--- What you need to do ---
Copy the data that follows exactly. Include no pictures.

[Supplied material Boundary: Start]

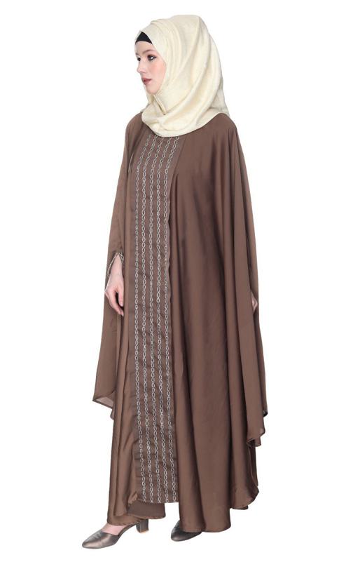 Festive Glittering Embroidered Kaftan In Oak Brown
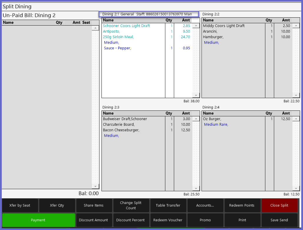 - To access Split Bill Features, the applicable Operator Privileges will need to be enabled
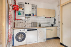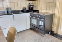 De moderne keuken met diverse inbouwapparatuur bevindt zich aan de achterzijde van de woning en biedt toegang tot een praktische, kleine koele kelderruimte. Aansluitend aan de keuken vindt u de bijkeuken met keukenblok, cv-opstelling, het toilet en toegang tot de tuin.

[Supplied material Boundary: End]

--- Answer below ---
 Festive Glittering Embroidered Kaftan In Oak Brown
 - To access Split Bill Features, the applicable Operator Privileges will need to be enabled
 De moderne keuken met diverse inbouwapparatuur bevindt zich aan de achterzijde van de woning en biedt toegang tot een praktische, kleine koele kelderruimte. Aansluitend aan de keuken vindt u de bijkeuken met keukenblok, cv-opstelling, het toilet en toegang tot de tuin.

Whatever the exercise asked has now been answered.